Тут же раздался нагловатый голосок, этакий и хрипотцой:
— Это кто тут такой смелый, простреливает? Кто ты, сучара⁈ В нашем районе без нашего одобрения!
— Медленно опусти ствол и пальчики разожми: пусть падает, — сказал другой голос, погрубее. — Шлюхи пусть отойдут в сторону — мы их потом дернем. Сначала тебя. Давай к стенке, спиной к нам!
Вот же идиотская ситуация! Хотел я сыграть с Бабским не слишком добрую шутку — не все время же шутить ему — а тут кто-то шутит со всеми нами и тоже как-то очень недобро. Я чувствовал, сейчас на нас направленно минимум два пистолета и остробой. В темноте этих мерзавцев особо не разглядишь, так чтобы сразу убрать наиболее опасных. В этой жизни я уже пожалел много раз, что до сих пор не активировал полезный шаблон ночного зрения. Если бы я здесь оказала один, то не было бы проблем: закрылся бы щитом от первых выстрелов, потом разобрался с этими лиходеями со всей жесткостью. Но слева от меня в двух шагах стояла Наташа, справа Элиз, которая, медленно, как бы незаметно потянулась к рукояти «Steel Truth». Я пока понятия не имею насколько хорошо Элиз стреляет в темноте. Ошибка может выйти очень дорого. Настолько, что опять придется взывать к небесным, просить помощи Асклепия.
«Спокойно, корнет! Медленно делай то, что они говорят! Я атакую ментально. Создам ложную угрозу им сзади!» — услышал я в сознании беззвучные слова Бондаревой.
Как же это забавно, когда меня собираются защищать и успокаивают женщины! Пока я очень медленно опускал руку с пистолетом, Элиз шепнула мне:
— Брось «Кобру» в мою сторону! Прикрой Наташу щитом!
Замысел Элиз я оспаривать не стал, а ответил я штабс-капитану ментально бросил: — «Не вздумай! Просто стой неподвижно на месте! Это приказ!», — вглядываясь в темному я подключил второе внимание.
— Эй, давай быстрее! Не тяни, сука, резину! — раздался голос из-за круглой рекламной тумбы — ее край тускло освещал фонарь.
— Друзья, а давайте сначала поговорим? — намеренно испуганным тоном, предложил я, — Заткнись! Я же сказал: шлюхи в сторону! — выкрикнул обладатель грубого голоса.
Я мгновенно активировал в левую руку «Лепестки Виолы», приноравливаясь распахнуть щит так, чтобы закрыть Бондареву. Правой как бы уронил «Кобру», откидывая ее ближе к Стрельцовой. Теперь вместо пистолета в моей руке имелось куда более привычное и мощное оружие — моя излюбленная кинетика.
Едва я уловил движение Стрельцовой, как тут же развернул «Лепестки Виолы». Щит раскрылся громко с хлопком, превращаясь в тускло-светящуюся линзу в шаге перед Бондаревой, отчасти прикрывая меня и почти полностью ее. От неожиданности, Наташа ахнула и попятилась, что было очень кстати: теперь мне было удобнее ее прикрывать. Очень не вовремя подал признаки жизни Бабский: выругался на английском, приподнялся. Разумеется, я стрелял мимо него, и упал Леша скорее от страха или может от непомерной тяжести в штанах — засранец же он все-таки.

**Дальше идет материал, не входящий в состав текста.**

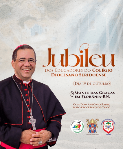 Este domingo, 19 de outubro, o Monte de Nossa Senhora das Graças, em Florânia, será o destino da peregrinação dos educadores e funcionários do Colégio Diocesano Seridoense (CDS). O momento especial marca o Jubileu dos Educadores dentro das comemorações do Ano Jubilar de 2025. A Santa Missa será presidida por Dom Antônio Ranis, reunindo toda a comunidade escolar em um gesto de fé, gratidão e renovação espiritual.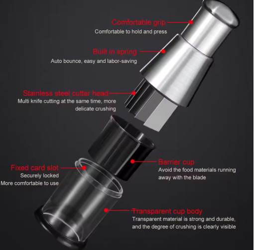 Maak koken eenvoudiger met deze roestvrijstalen knoflookpers die moeiteloos knoflook, gember, chili of noten hakt. Dankzij het slimme drukmechanisme heb je geen kracht meer nodig – één druk en je hebt perfect fijngehakte ingrediënten. Ideaal voor elke thuiskok die houdt van snel, schoon en efficiënt koken.
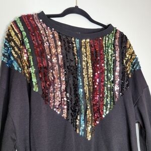 Such a fun and fabulous sweater!! Perfect for this season and into the new year!! Add a little sparkle to your wardrobe! See photos for wear.
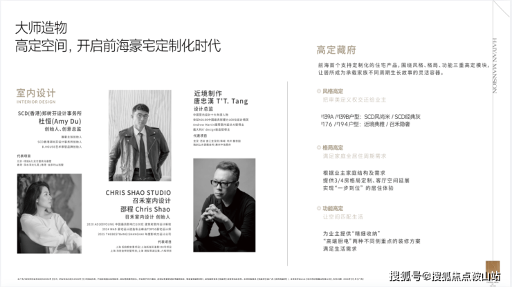 推出2栋、3栋约108套约139-176-194㎡四房以上户型,预计2027年底精装交付。这是前海首个支持定制化的住宅产品,风格/格局/功能都可以定制。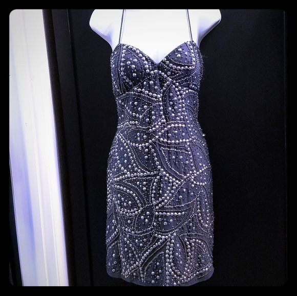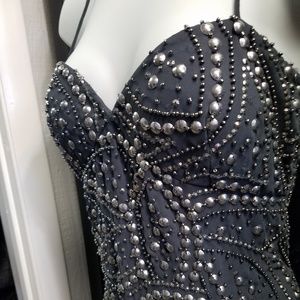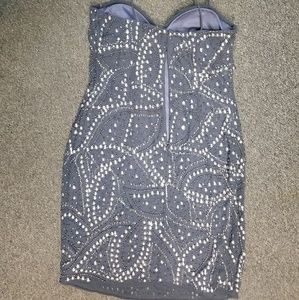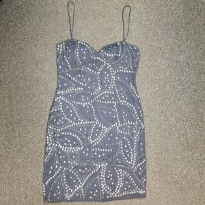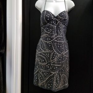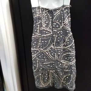 Mini- length, spaghetti strap, silver, beaded, lined, party dress, cocktail dress, evening dress
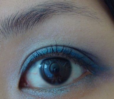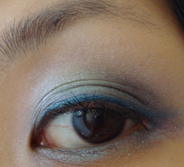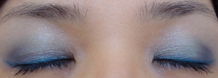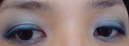 4. 用MUF黑色眼線筆化細細的上眼線,然後用細眼影刷沾雙色眼影Sea&Sky的豔麗寶藍色濕壓於眼線上為主要眼線色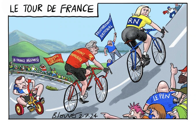 So, the order in the caricature below from the first week has now reversed although Le Pen’s National Rally is the biggest party.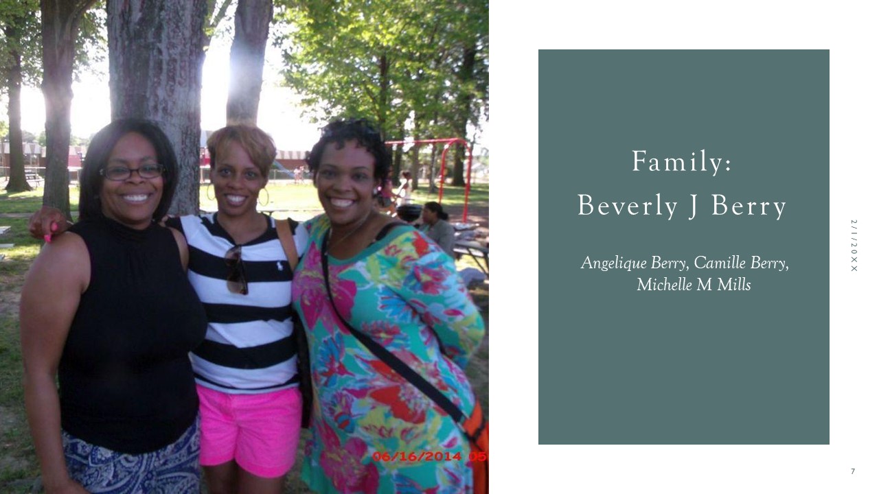 Siblings: Angelique Berry, Camille BerryMichelle M Mills

— Что за х-х!.. — раздался дребезжащий голосок — его тут же оборвала Элиз.
В деталях я не успел заметить, как она это сделала, но вышло так, что «Cobra Willie» оказалась у нее в правой руке. В левой уже был остробой. Моя чеширская кошечка успела сделать из него два выстрела, пока наклонялась за «Коброй». Затем Стрельцова ушла в перекат. Вскочила на ноги где-то в темноте справа и оттуда прогремело четыре выстрела.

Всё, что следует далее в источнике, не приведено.